The data:
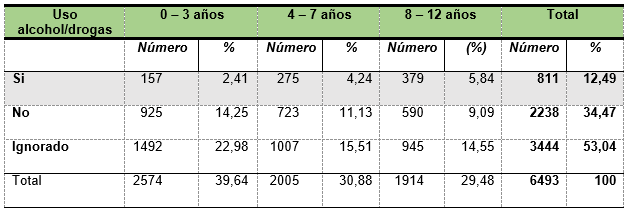 El uso de alcohol/drogas constó como ignorado en 53,04% de las notificaciones, seguido por el no uso (34,47%) y uso (12,49%) (Tabla 9).
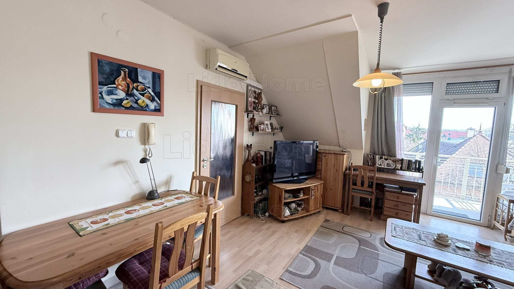 A lakás nappali–konyha–étkező egybenyitott térrel, külön hálószobával, kádas fürdőszobával, külön WC‑vel és előtérrel rendelkezik. A nappaliból nyíló erkély hangulatos városi panorámát kínál, amely tovább erősíti a belvárosi életérzés kényelmét. A fűtést és a meleg vizet kondenzációs kombi gázkazán biztosítja, a hűtést klíma. A külső nyílászárók korszerű műanyagból, a belsők fából készültek. A lakás teljes bútorzattal és háztartási gépekkel együtt, azonnal birtokba vehető.
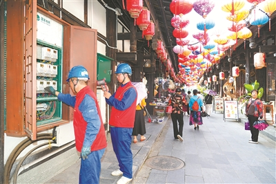 2025年國(guó)慶期間,國(guó)家電網(wǎng)四川電力(德陽(yáng)孝泉)連心橋共產(chǎn)黨員服務(wù)隊(duì)隊(duì)員在熱門景區(qū)半邊街,對(duì)供電線路、配電設(shè)施開展特殊巡視。楊劉欣 攝
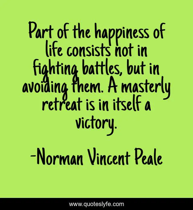 This page presents the quote "Part of the happiness of life consists not in fighting battles, but in avoiding them. A masterly retreat is in itself a victory.". Author of this quote is Norman Vincent Peale. This quote is about battle, enthusiasm, inspirational, retreat, victory,.
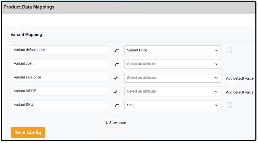 - Map the Variant BigCommerce fields to appropriate attributes in the PIM.
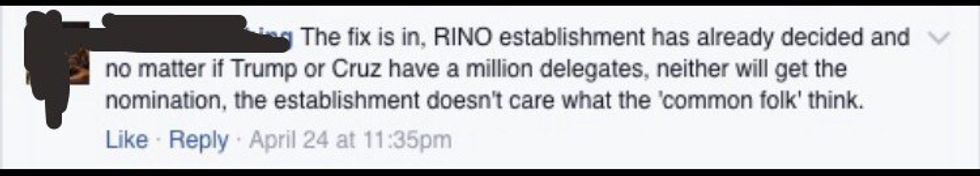 Ah, yes, he managed to incorporate another one of those delicious, perfidious slanders that has garnered equivalent status. The "establishment" vs. "outsiders." Washington vs. The People. Son of Krypton vs. Bat of Gotham. Indeed, darn that pesky establishment. Who do they think they are with their resumés, degrees, accolades, and elected positions? They would never be able to adequately and informedly vet a more qualified candidate within their power than mob rule could. Surely they've spent so much time doing the thing they spent their entire education building up to with little avail that it all must be exclusively their fault! Well, not exactly so. Though it is unquestionable that our Congress and President have failed us in numerous areas of import, it is, in many ways, the fault of the electorate at all levels as well. The incapacity to value politics and discussion over principle is actually more conducive to the same failed politics that have caused political stagnation. This is why we see things like this:
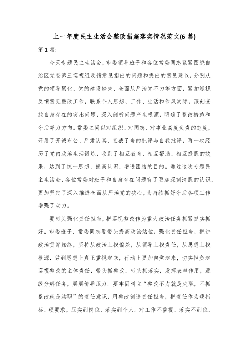 / (6篇)上一年度民主生活会整改措施落实情况范文
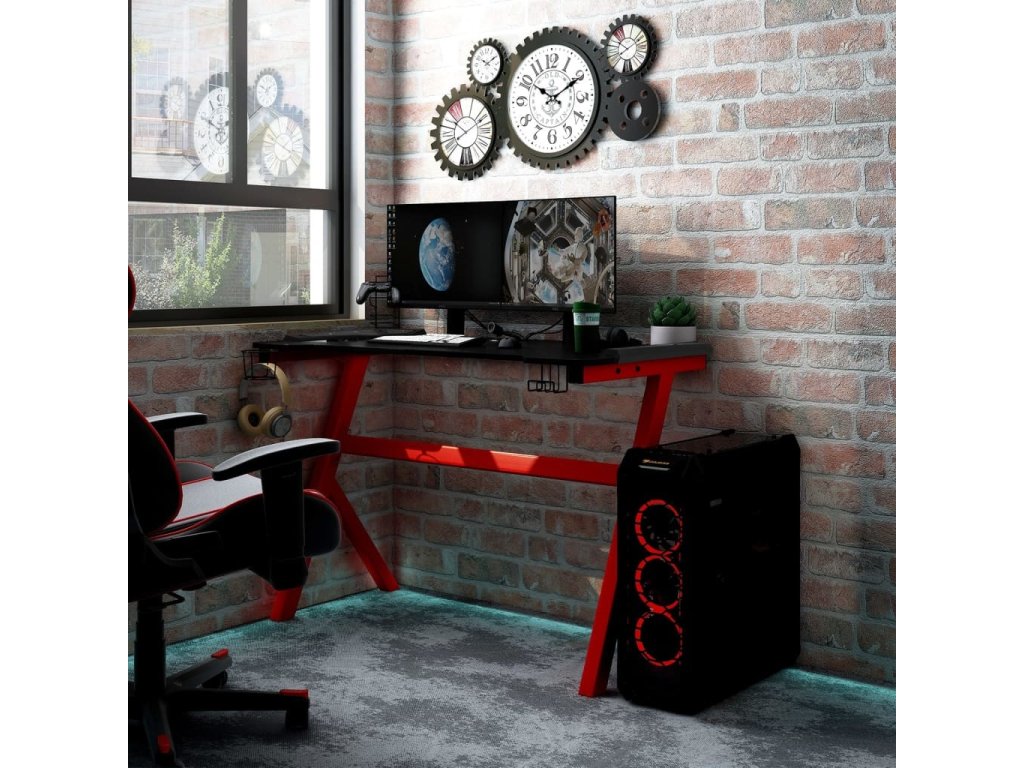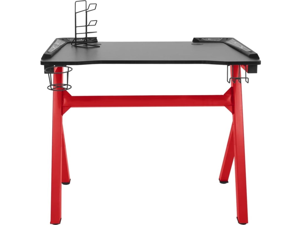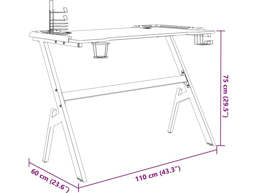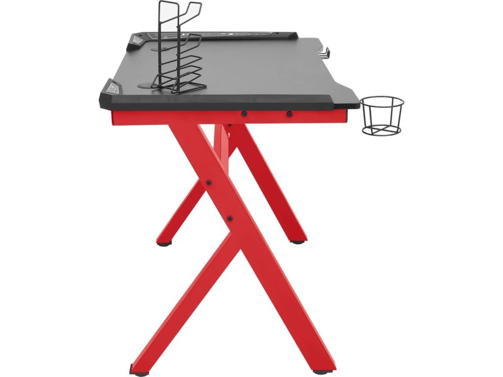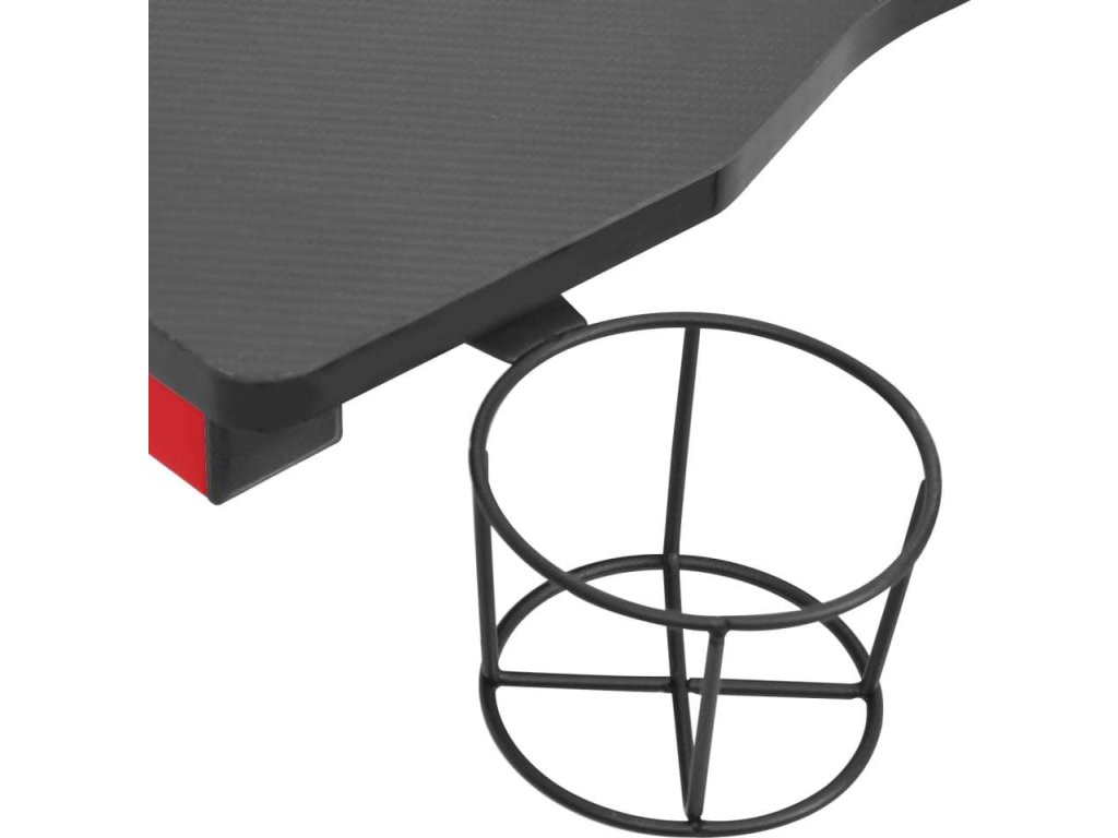 Efektivní ergonomický design nabízí perfektní herní pozici, takže váš výkon bude kvalitnější a zároveň vydržíte hrát déle! Tento počítačový stůl je vybaven držákem na sluchátka a na ovladač, budete mít tedy vše pěkně po ruce. Na pravé straně desky máte k dispozici i držák na nápoje. Stůl nabízí dostatek prostoru pro vaše herní monitory, PC, klávesnice a další herní vybavení. Železné nohy ve tvaru Y zajišťují stabilitu a uspokojí požadavky každého hráče.
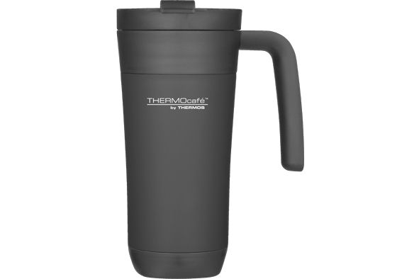 Thermos Drinkbeker 425 ml Travel Mug Zwart - met Handvat - Flip Lid - met RVS Binnenfles
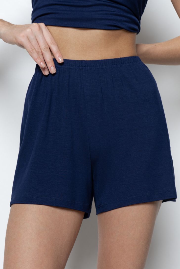 Шорты свободного силуэта с комфортным поясом на мягкой резинке. В боковых швах — декоративные треугольные вставки из сетки, придающие модели воздушность и современный вид.

Instructions to follow: Repeat the records in full, precisely, and keep the pictures out.

Output of the task:
 El uso de alcohol/drogas constó como ignorado en 53,04% de las notificaciones, seguido por el no uso (34,47%) y uso (12,49%) (Tabla 9).
 A lakás nappali–konyha–étkező egybenyitott térrel, külön hálószobával, kádas fürdőszobával, külön WC‑vel és előtérrel rendelkezik. A nappaliból nyíló erkély hangulatos városi panorámát kínál, amely tovább erősíti a belvárosi életérzés kényelmét. A fűtést és a meleg vizet kondenzációs kombi gázkazán biztosítja, a hűtést klíma. A külső nyílászárók korszerű műanyagból, a belsők fából készültek. A lakás teljes bútorzattal és háztartási gépekkel együtt, azonnal birtokba vehető.
 2025年國(guó)慶期間,國(guó)家電網(wǎng)四川電力(德陽(yáng)孝泉)連心橋共產(chǎn)黨員服務(wù)隊(duì)隊(duì)員在熱門景區(qū)半邊街,對(duì)供電線路、配電設(shè)施開展特殊巡視。楊劉欣 攝
 This page presents the quote "Part of the happiness of life consists not in fighting battles, but in avoiding them. A masterly retreat is in itself a victory.". Author of this quote is Norman Vincent Peale. This quote is about battle, enthusiasm, inspirational, retreat, victory,.
 - Map the Variant BigCommerce fields to appropriate attributes in the PIM.
 Ah, yes, he managed to incorporate another one of those delicious, perfidious slanders that has garnered equivalent status. The "establishment" vs. "outsiders." Washington vs. The People. Son of Krypton vs. Bat of Gotham. Indeed, darn that pesky establishment. Who do they think they are with their resumés, degrees, accolades, and elected positions? They would never be able to adequately and informedly vet a more qualified candidate within their power than mob rule could. Surely they've spent so much time doing the thing they spent their entire education building up to with little avail that it all must be exclusively their fault! Well, not exactly so. Though it is unquestionable that our Congress and President have failed us in numerous areas of import, it is, in many ways, the fault of the electorate at all levels as well. The incapacity to value politics and discussion over principle is actually more conducive to the same failed politics that have caused political stagnation. This is why we see things like this:
 / (6篇)上一年度民主生活会整改措施落实情况范文
 Efektivní ergonomický design nabízí perfektní herní pozici, takže váš výkon bude kvalitnější a zároveň vydržíte hrát déle! Tento počítačový stůl je vybaven držákem na sluchátka a na ovladač, budete mít tedy vše pěkně po ruce. Na pravé straně desky máte k dispozici i držák na nápoje. Stůl nabízí dostatek prostoru pro vaše herní monitory, PC, klávesnice a další herní vybavení. Železné nohy ve tvaru Y zajišťují stabilitu a uspokojí požadavky každého hráče.
 Thermos Drinkbeker 425 ml Travel Mug Zwart - met Handvat - Flip Lid - met RVS Binnenfles
 Шорты свободного силуэта с комфортным поясом на мягкой резинке. В боковых швах — декоративные треугольные вставки из сетки, придающие модели воздушность и современный вид.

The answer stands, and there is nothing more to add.